Per Sinister, the injectors are rated at 55-60 psi. The Cadillac OS in the 58x computer I'll be using is designed for constant fuel pressure, rather than manifold-referenced fuel pressure. The fuel rail I have has a manifold-referenced regulator. It's adjustable from the factory, which is pretty cool. I can leave it unreferenced and may be able to turn it up to 55-60 PSI. I'm hopeful it will be that simple. I'm expecting to use an AC Delco GF831 fuel filter from SSR & other LS2 applications. The big if is whether the stock adjustable regulator can go high enough (or still works...)
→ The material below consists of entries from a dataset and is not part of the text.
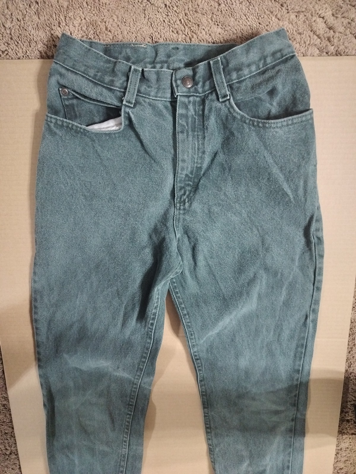 как выглядит Vtg Lee Jeans 16 Reg Green USA Made Stain 28.5 Inseam 39 Long Stain фото
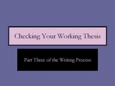 Checking Your Working Thesis PowerPoint PPT Presentation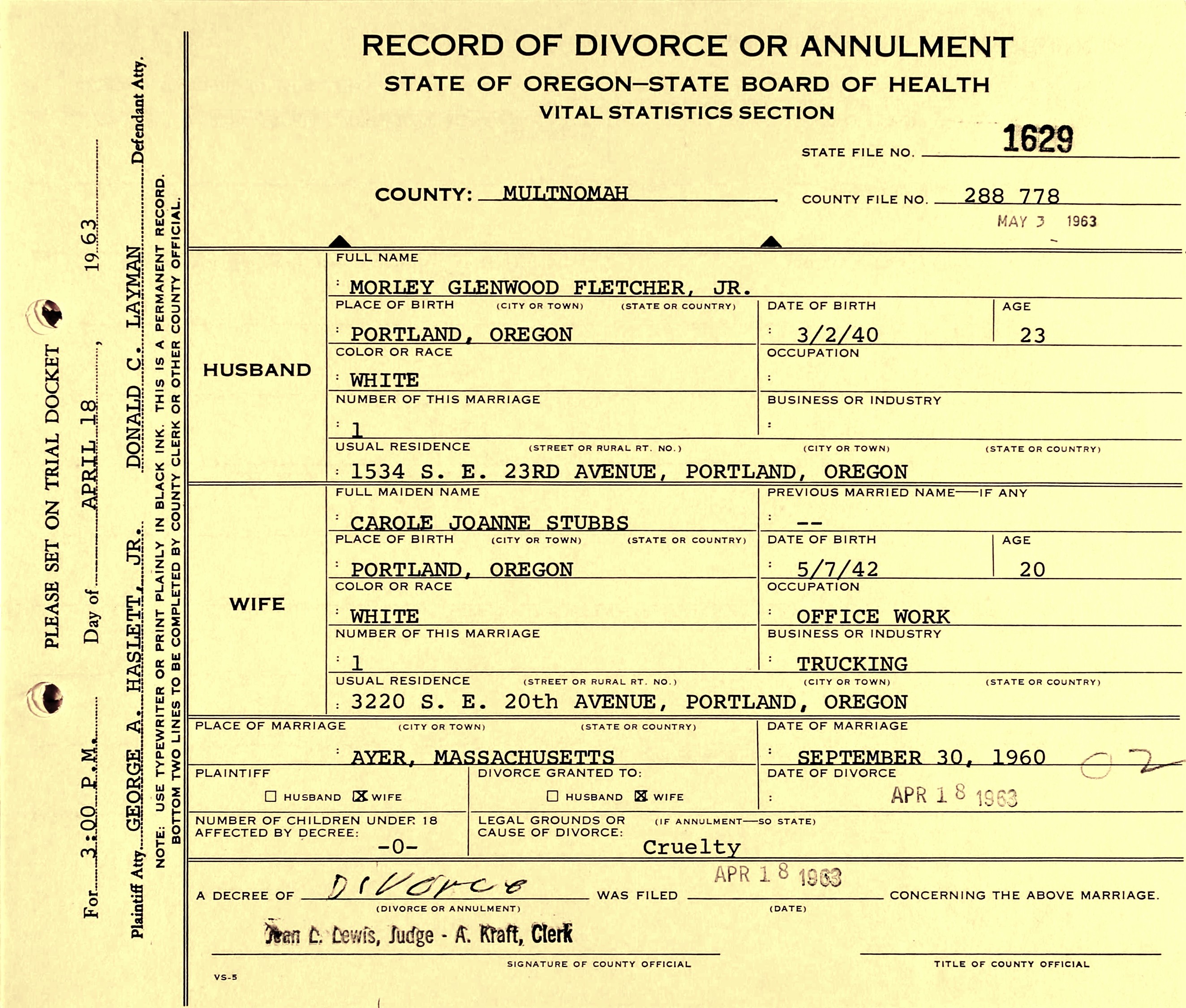 Morley Glenwood Fletcher Jr. (age 23), and Carole Joanne (Stubbs) Fletcher (age 20), were divorced April 18, 1963, in Portland, Multnomah Co., OR.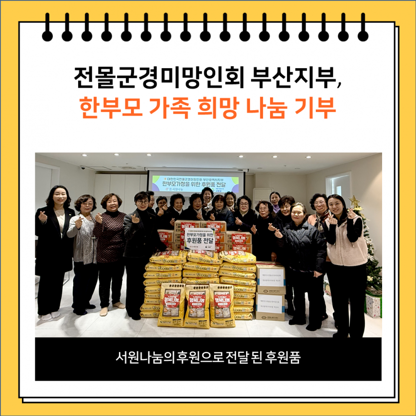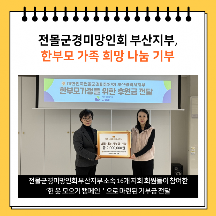 이번 기부금은 부산지부 소속 16개 지회 지회장님들과 회원들이 마음을 모아 진행한 ‘헌 옷 모으기 캠페인’을 통해 마련되어 그 의미가 더욱 깊습니다.
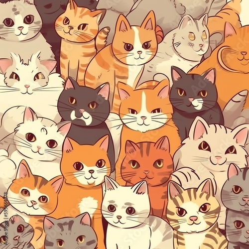 Background with many cute different cats in cartoon style, nice children wallpaper, baby products packaging design, ai generative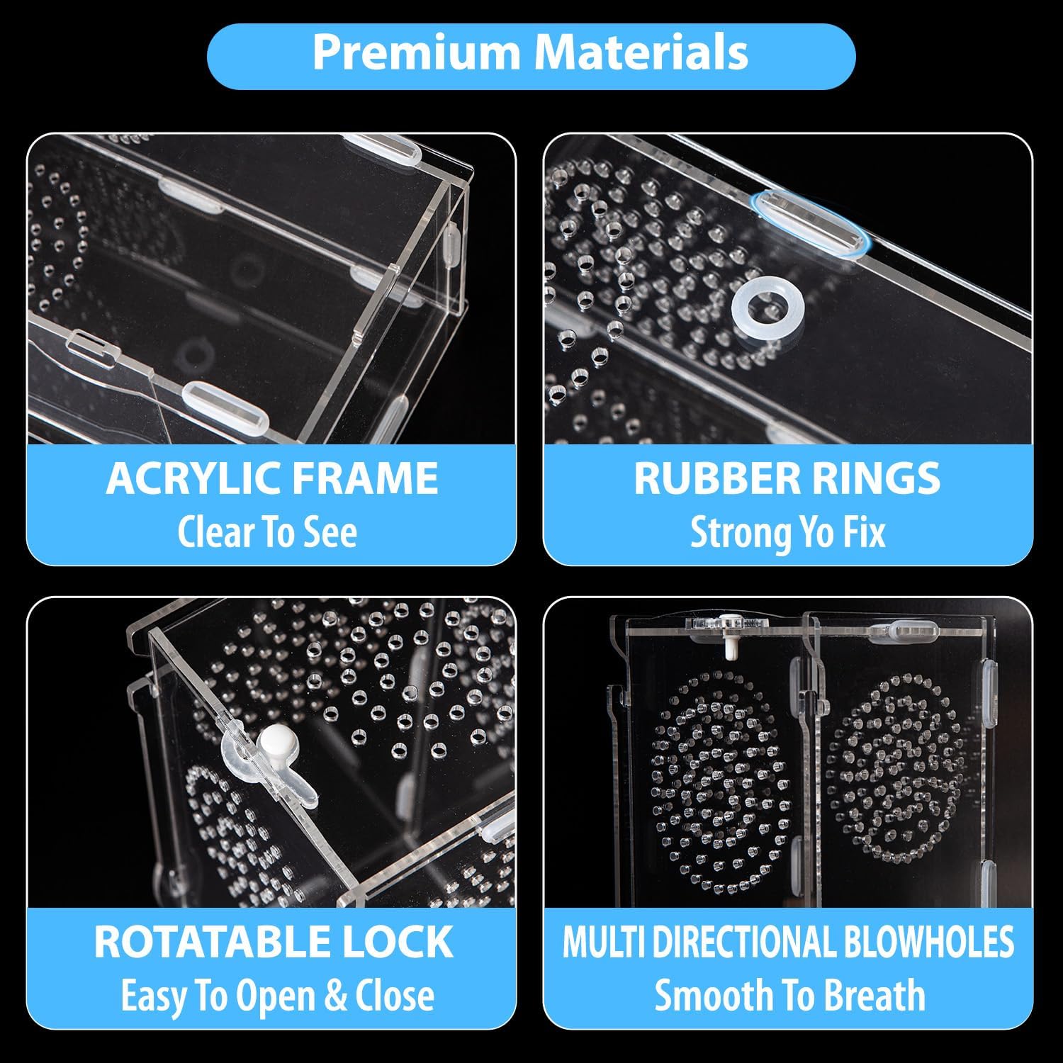 • 【 Premium Material and Safe】This reptile enclosure is crafted from high-quality acrylic plastic, reliable and sturdy to service for long time. High elasticity rubber rings can seal the whole cage well, and the double insurance of rotatable jailbreak lock on the top prevent pets from escaping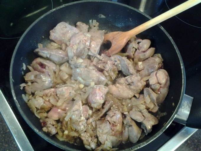 Печень очистить от прожилок, вымыть. Не резать, оставить крупными кусками.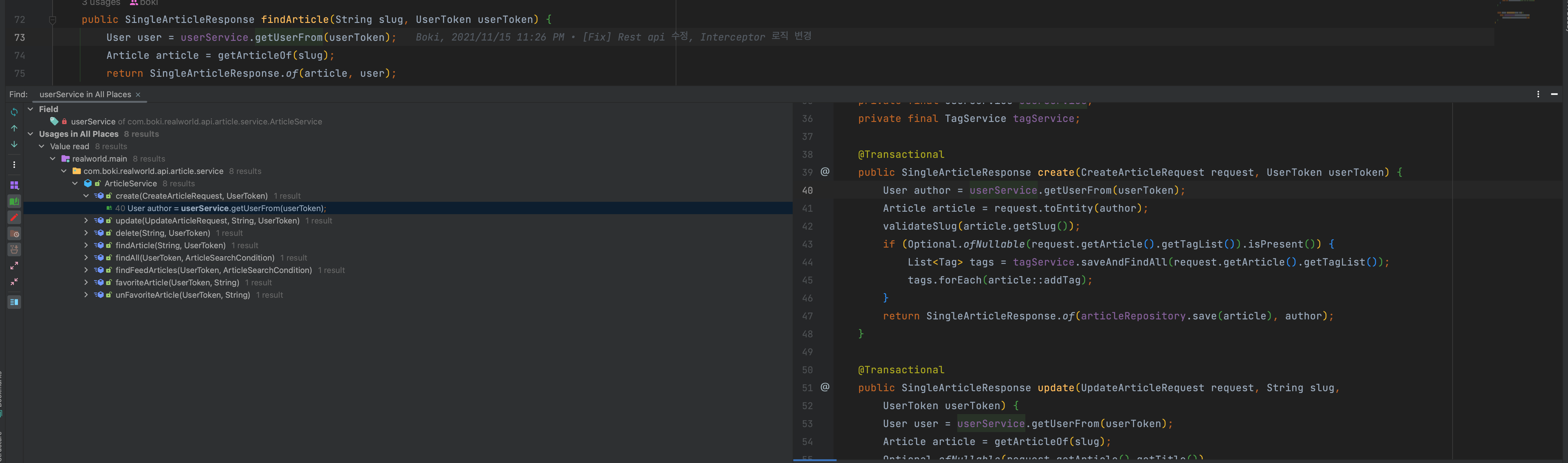 getUserFrom 메서드에서 단축키를 사용한 결과

Plan B is to adapt the later style returnless fuel rail. I'll have to figure out how to mount it, but that shouldn't be difficult. There's one on eBay right now. Since it's returnless and I need constant fuel pressure, I'd have to use the AC Delco GF822 for 1999-2004 Corvette, which includes the unreferenced regulator and fuel return connection... for $70... for a fuel filter.
I also had the wrong size pipe plug for the Northstar oil gallery under the waterpump drive pulley at the back of the left cylinder head, so I couldn't finish assembling the waterpump drive. I think that's the last thing I want to get done before I'm ready to weigh the engine and drag it over to the car to assemble the powertrain and drop it on the cradle.
On the car all I did was take some measurements and install AeroQuip fittings in place of the straight and 90 degree swivel 3/4 NPT to -12 AN adapters on the oil cooler.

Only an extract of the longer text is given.